— Available data —
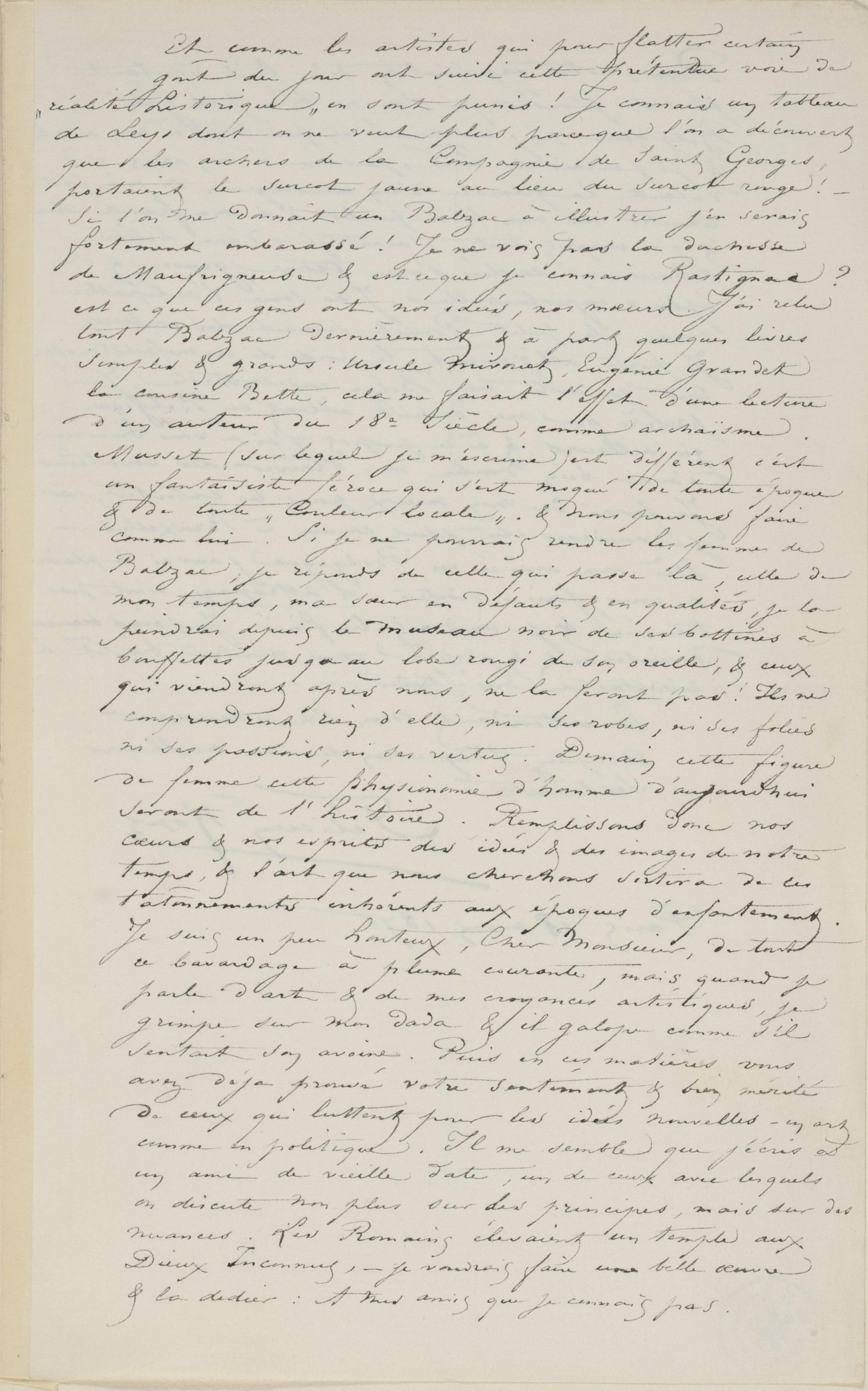 Si l’on me donnait un Balzac à illustrer j’en serais fortement embarassé ! Je ne vois pas la duchesse de Maufrigneuse & est ce que je connais Rastignac ? est ce que ces gens ont nos idées, nos mœurs. J’ai relu tout Balzac dernièrement & à part quelques livres simples & grands : Ursule Mirouet, Eugénie Grandet la cousine Bette, cela me faisait l’effet d’une lecture d’un auteur du 18e Siècle, comme archaïsme. Musset (sur lequel je m’escrime) est différent c’est un fantaisiste féroce qui s’est moqué de toute époque & de toute « Couleur locale ». & Nous pouvons faire comme lui. Si je ne pourrais rendre les femmes de Balzac, je réponds de celle qui passe là, celle de mon temps, ma sœur en défauts & en qualités, je la peindrai depuis le Museau noir de ses bottines à bouffettes jusqu au lobe rougi de son oreille, & ceux qui viendront après nous, ne la feront pas ! Ils ne comprendront rien d’elle, ni ses robes, ni ses folies ni ses passions, ni ses vertus. Demain cette figure de femme cette physionomie d’homme d’aujourd’hui seront de l’histoire. Remplissons donc nos cœurs & nos esprits des idées & des images de notre temps, & l’art que nous cherchons sortira de ces tâtonnements inhérents aux époques d’enfantement. Je suis un peu honteux, Cher Monsieur, de tout ce bavardage à plume courante, mais quand je parle d’art & de mes croyances artistiques, je grimpe sur mon dada & il galope comme s’il sentait son avoine. Puis en ces matières vous avez déja prouvé votre sentiment & bien mérité de ceux qui luttent pour les idées nouvelles – en art comme en politique. Il me semble que j’écris à un ami de vieille date, un de ceux avec lesquels on discute non plus sur les principes, mais sur des nuances. Les Romains élevaient un temple aux Dieux Inconnus, – je voudrais faire une belle œuvre & la dédier : À mes amis que je connais pas.
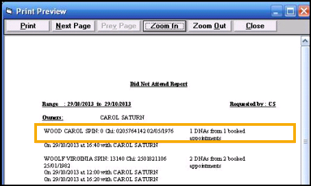 - Did Not Attend Report - This report lists and counts the number of patients who failed to attend their appointment.
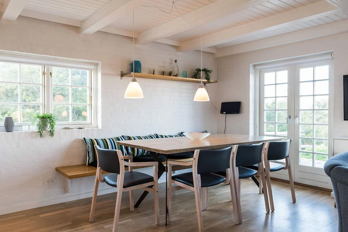 WISSELDAAG VRIJDAG - Midden in Nymindegab en op loopafstand van de steeds mooiere Noordzee vindt u dit mooie gemetselde vakantiehuis. Vanuit het huis heeft u het mooiste uitzicht over het Ringkøbing Fjord, waar u in elk seizoen het rijke natuurleven kunt ervaren. Het vakantiehuis is in 2016 volledig gerenoveerd, waaronder een mooie nieuwe lichte keuken en badkamer. De keuken en woonkamer zijn in open verbinding. Vanuit de keuken heeft u toegang tot verschillende mooie terrassen, en er is altijd een mooie beschutte hoek te vinden. Op de 1e verdieping zijn 2 echt geweldige slaapkamers ingericht. Vanuit een van de slaapkamers heeft u een uitstekend uitzicht over het fjord. Een echt geweldig vakantiehuis tussen stad en zee. Eindschoonmaak is bij de prijs inbegrepen!

— What the task asks —
Repeat the data exactly, dropping every picture it holds.

— Exercise solution —
 Si l’on me donnait un Balzac à illustrer j’en serais fortement embarassé ! Je ne vois pas la duchesse de Maufrigneuse & est ce que je connais Rastignac ? est ce que ces gens ont nos idées, nos mœurs. J’ai relu tout Balzac dernièrement & à part quelques livres simples & grands : Ursule Mirouet, Eugénie Grandet la cousine Bette, cela me faisait l’effet d’une lecture d’un auteur du 18e Siècle, comme archaïsme. Musset (sur lequel je m’escrime) est différent c’est un fantaisiste féroce qui s’est moqué de toute époque & de toute « Couleur locale ». & Nous pouvons faire comme lui. Si je ne pourrais rendre les femmes de Balzac, je réponds de celle qui passe là, celle de mon temps, ma sœur en défauts & en qualités, je la peindrai depuis le Museau noir de ses bottines à bouffettes jusqu au lobe rougi de son oreille, & ceux qui viendront après nous, ne la feront pas ! Ils ne comprendront rien d’elle, ni ses robes, ni ses folies ni ses passions, ni ses vertus. Demain cette figure de femme cette physionomie d’homme d’aujourd’hui seront de l’histoire. Remplissons donc nos cœurs & nos esprits des idées & des images de notre temps, & l’art que nous cherchons sortira de ces tâtonnements inhérents aux époques d’enfantement. Je suis un peu honteux, Cher Monsieur, de tout ce bavardage à plume courante, mais quand je parle d’art & de mes croyances artistiques, je grimpe sur mon dada & il galope comme s’il sentait son avoine. Puis en ces matières vous avez déja prouvé votre sentiment & bien mérité de ceux qui luttent pour les idées nouvelles – en art comme en politique. Il me semble que j’écris à un ami de vieille date, un de ceux avec lesquels on discute non plus sur les principes, mais sur des nuances. Les Romains élevaient un temple aux Dieux Inconnus, – je voudrais faire une belle œuvre & la dédier : À mes amis que je connais pas.
 - Did Not Attend Report - This report lists and counts the number of patients who failed to attend their appointment.
 WISSELDAAG VRIJDAG - Midden in Nymindegab en op loopafstand van de steeds mooiere Noordzee vindt u dit mooie gemetselde vakantiehuis. Vanuit het huis heeft u het mooiste uitzicht over het Ringkøbing Fjord, waar u in elk seizoen het rijke natuurleven kunt ervaren. Het vakantiehuis is in 2016 volledig gerenoveerd, waaronder een mooie nieuwe lichte keuken en badkamer. De keuken en woonkamer zijn in open verbinding. Vanuit de keuken heeft u toegang tot verschillende mooie terrassen, en er is altijd een mooie beschutte hoek te vinden. Op de 1e verdieping zijn 2 echt geweldige slaapkamers ingericht. Vanuit een van de slaapkamers heeft u een uitstekend uitzicht over het fjord. Een echt geweldig vakantiehuis tussen stad en zee. Eindschoonmaak is bij de prijs inbegrepen!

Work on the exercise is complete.